Ademais, por ser um programa recente, finalizado no ano de 2021, é difícil obter uma análise do funcionamento real do programa, para além das idealizações dos gestores públicos, uma vez que as informações acessíveis, normalmente, estão restritas àquelas fornecidas pelo próprio governo, que possivelmente não abordarão aspectos críticos de seu funcionamento.
Sob a perspectiva do Modelo do equilíbrio interrompido, segundo o qual, a partir da experiência de implementação e avaliação, é possível fazer mudanças na política instaurada, percebe-se que, diante da manutenção do estado de calamidade pública, o programa, inicialmente previsto para durar por três meses, foi renovado diversas vezes. Tendo havido, inclusive, a remodelação de seus requisitos com a mudança do cenário fático, isto é, partir do início do Plano de Imunização, a Prefeitura passou a exigir que os beneficiários estejam vacinados, pelo menos com a primeira dose, sem que a segunda esteja atrasada.
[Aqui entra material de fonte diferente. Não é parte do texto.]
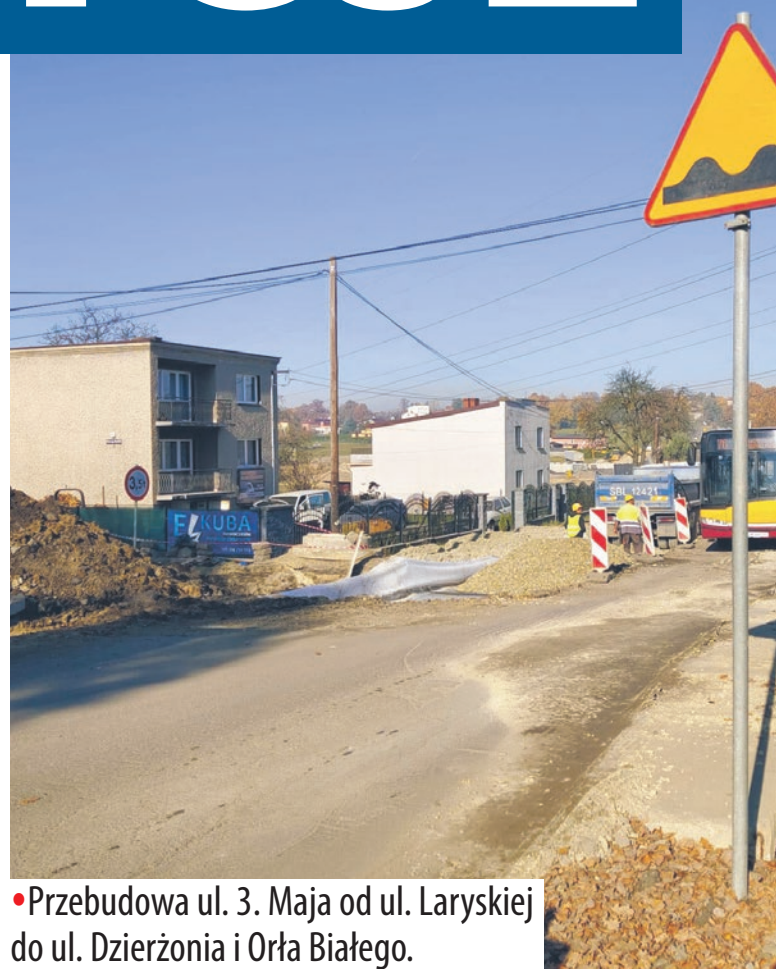
•Przebudowa ul. 3. Maja od ul. Laryskiej do ul. Dzierżonia i Orła Białego.
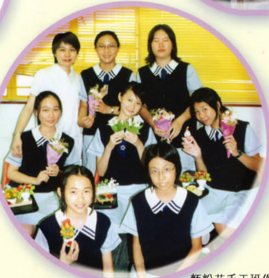
麵粉花手工班作品精美
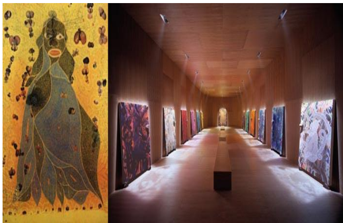
Figura 2. “Santa María La Virgen” 1999 Chris Ofili.
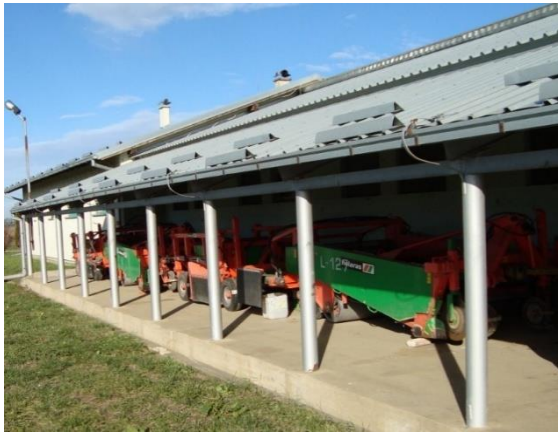
Slika 32. Garažiranje strojeva u poluzatvorenom prostoru
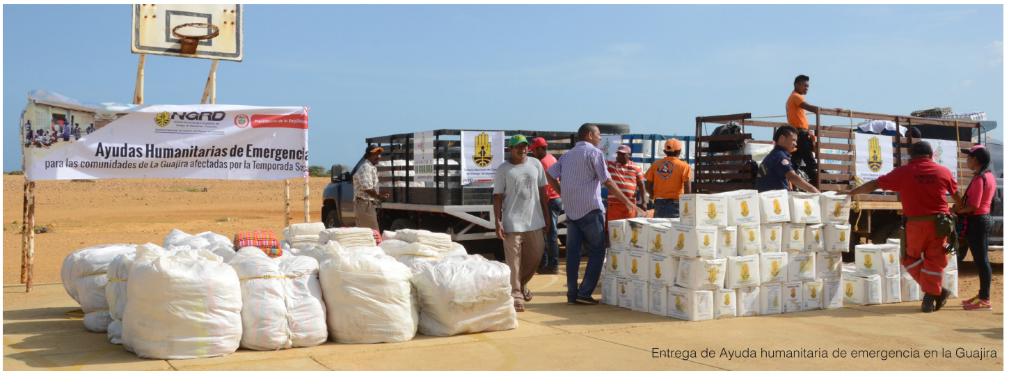
Entrega de Ayuda humanitaria de emergencia en la Guajira
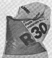
LAMIT R 30 Colle pour matières isolantes

Ajouté au mortier de ciment pur, le LAMIT E 11 permet la construction de maçonnerie de parement à joints étanches. Le jointoiement supplémentaire jusqu'à présent nécessaire en une seconde opération est supprimé. Cet additif au mortier simplifie la construction de maçonnerie de parement de haute qualité.
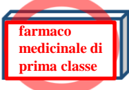
para uso general
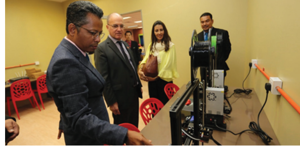
Lawatan Kerja TYT Duta Besar Republik Argentina

53 program yang mengandungi ciri-ciri libat sama komuniti di PTSFP. Inisiatif meningkatkan peranan PTSFP sebagai hub komuniti disangga dengan peningkatan penawaran kemudahan daripada 2 fasiliti pada tahun 2018 kepada 9 fasiliti pada tahun 2019.
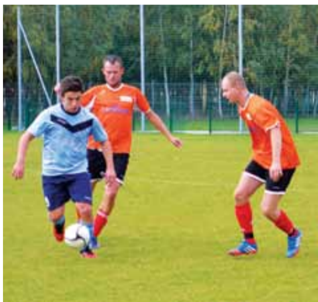
Spotkanie na boisku w Witonii pomiędzy GKS Bedno a Witonianką Witon, zakończyło się wygraną Bedna 5:0.

Kolejka 9. łódzkiej klasy A grupy III odbędzie się 19 października (niedziela). GKS Bedno zagra na własnym boisku z Dąbrowianką Dąbrowice.
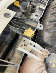
Motor kaputu, Dayama çubuğu/Amortisör > Kırılmış

Considerando que a imunização em massa era requisito essencial para o fim das medidas restritivas e, consequentemente, para que a cidade voltasse a ter a economia girando, permitindo que a população voltasse a ter sua fonte de renda originária, faz todo o sentido que o ente federativo exija a vacinação como requisito para recebimento do benefício. Isto é, uma vez que o maior número de pessoas estiver vacinada, haverá um retorno à atividade socioeconômica, reduzindo o número de pessoas em situação de vulnerabilidade e, portanto, sendo cada vez menos necessário o pagamento do Renda Básica Temporária.
Dessa forma, possível perceber que, ainda que se trate de política pública temporária, como o próprio nome do programa demonstra, com impactos no curto prazo, é uma política com efeitos de longo prazo, que visa reestruturar a sociedade em um contexto pós pandemia.